Detailed Description
Electrical stimulation may offer a unique treatment option to heal complicated and recalcitrant wounds, improve flap and graft survival, and even reduce the likelihood of ulceration. Electrical stimulation has been suggested to reduce infection, improve cellular immunity, increase perfusion, relieve pain, improve plantar sensation, and accelerate wound healing. Electrical stimulation could have positive effect on not only increasing skin perfusion in patients with diabetes but also could improve mobility and balance via enhancing plantar sensation as demonstrated in our recent study. Thus, plantar stimulation not only may be beneficial to accelerate wound healing in diabetic foot ulcer (DFU) patients but also may assist to improve mobility and reduce the likelihood of recurrence of ulcers. This study is proposed to examine the effectiveness of an innovative portable electrical stimulation platform (Tennant Biomodulator by AVAZZIA) to accelerate wound healing in DFU patients. It is hypothesized that 1) electrical stimulation will have an immediate effect on increasing skin perfusion (immediate benefit) and 2) daily use of the Tennant Biomodulator for 4 consecutive weeks is effective to speed up wound healing, increase skin perfusion, reduce pain, and improve balance and mobility in DFU patients (long term benefit)
Investigators
Bijan Najafi, PhD
Professor of Surgery
Baylor College of Medicine
Eligibility Criteria
Inclusion Criteria
- •Able to provide informed consent
- •18-85 years old
- •Clinically confirmed diabetes (ADA criteria)

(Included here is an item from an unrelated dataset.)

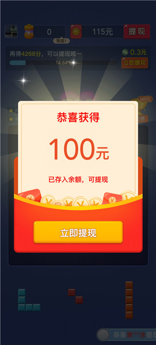 3、随着消除越多得分越高,所能提现的钱就越多

- •Clinically confirmed Peripheral Neuropathy
- •One or more active non-infected ulcers
- •Subject or responsible caregiver is willing and to maintain the required offloading (as applicable the location of the ulcer) and applicable dressing changes and electrical stimulation application.
Exclusion Criteria
- •Subject has a demand-type cardiac pacemaker, implanted defibrillator or other implanted electronic device
- •Is pregnant
- •Is nursing or actively lactating
- •Has Renal Disease
- •Active wound infection
- •Active Charcot foot
- •Non-ambulatory (unable to walk 40 feet with or without assistive device)

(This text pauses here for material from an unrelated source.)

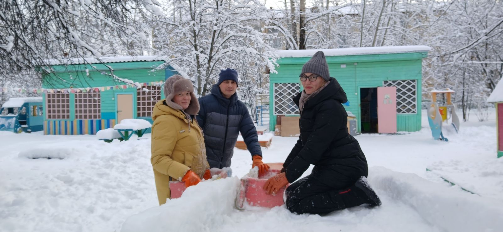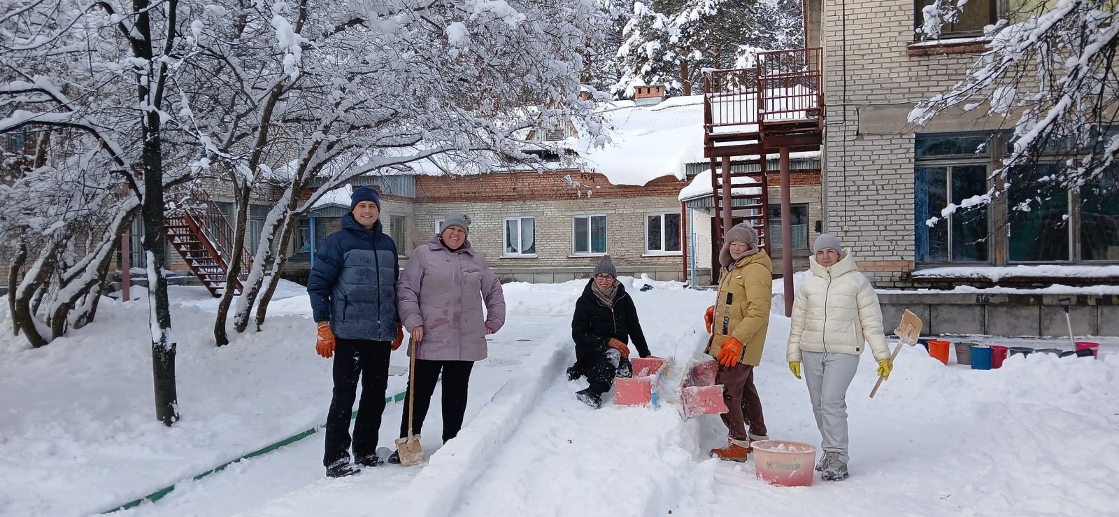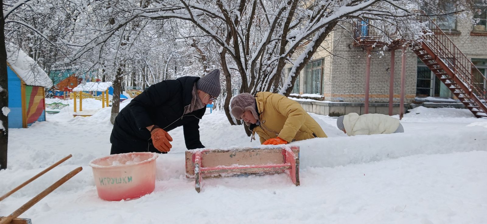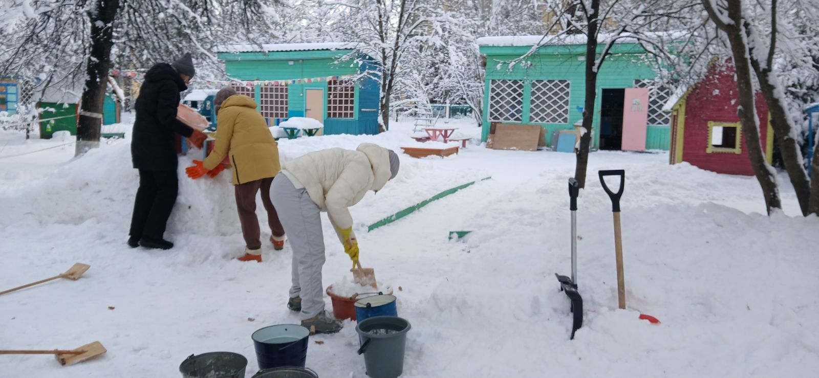 Дружно, весело, активно рассчищали участок от снега, носили воду, подносили снег для теста в тазик, облепляли, поливали и сделали отличную прочную горку, кирпичики для перешагивания, тунель для подлезания.

- •Bilateral AK/BK amputation
- •Active drug/alcohol abuse
- •Dementia or impaired cognitive function
Outcomes
Primary Outcomes
Change in Skin Perfusion in Response to Electrical Stimulation Therapy
Time Frame: Change at 4 weeks from baseline.
Lower-extremity skin perfusion will be assessed using a skin perfusion pressure device (PADIQ Sensilase). This device emerges pressure with a cuff placed around the calf muscle that has internal sensors. Then, the cuff is slowly released letting circulation to re-enter which is detected by the sensors.
Change in Wound Size in Response to Electrical Stimulation Therapy
Time Frame: Change at 4 weeks from baseline
Wound size will be assessed with a Sillouette Star 3D Camera that detects width, length, and depth of wounds that automatically gives you a cm2 area.
Secondary Outcomes
- Change From Baseline to 60 Minutes in Tissue Oxygen Saturation in Response to Electrical Stimulation(Change at 60 minutes from baseline.)
- Change in Tissue Oxygen Saturation in Response to Electrical Stimulation(Change at 4 weeks from baseline.)
- Change in Plantar Sensation in Response to Electrical Stimulation(Change at 4 weeks from baseline.)